THE TASK:
Please retype the data in full and exactly; the pictures are not part of the copy.

DATASET SECTION:
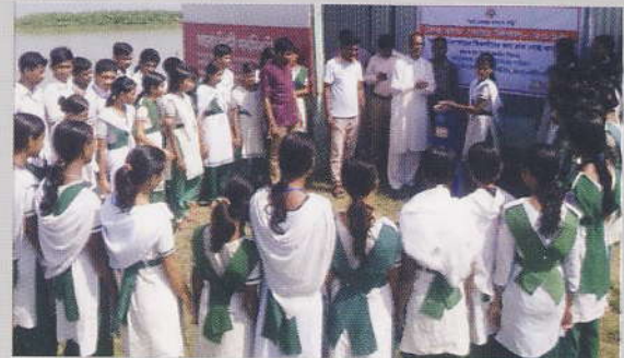
Picture 7: Implementation of the “Nutrition at the Center” project at Derai and Biswambarpur

CARE Bangladesh has been implementing the “Nutrition at the Center” project at Derai and Biswambarpur sub districts of Sunamganj district in Sylhet division. In collaboration with the Ministry of Health and Family Welfare (MoH&FW) and support from the Agriculture and the Local Government, Nutrition at the Center (N@C) project is working for improving essential nutritional services to mother and child. The Project is piloting an Uz level Nutrition Coordinating through a platform called Upazila Nutrition Coordination Committee (UNCC) with the combination of different GO sectors/department, NGO and local government.
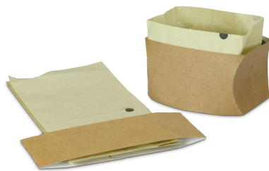
Hot and Cold Breakfasts

RESULT FOR THIS EXERCISE:
Picture 7: Implementation of the “Nutrition at the Center” project at Derai and Biswambarpur

CARE Bangladesh has been implementing the “Nutrition at the Center” project at Derai and Biswambarpur sub districts of Sunamganj district in Sylhet division. In collaboration with the Ministry of Health and Family Welfare (MoH&FW) and support from the Agriculture and the Local Government, Nutrition at the Center (N@C) project is working for improving essential nutritional services to mother and child. The Project is piloting an Uz level Nutrition Coordinating through a platform called Upazila Nutrition Coordination Committee (UNCC) with the combination of different GO sectors/department, NGO and local government.
Hot and Cold Breakfasts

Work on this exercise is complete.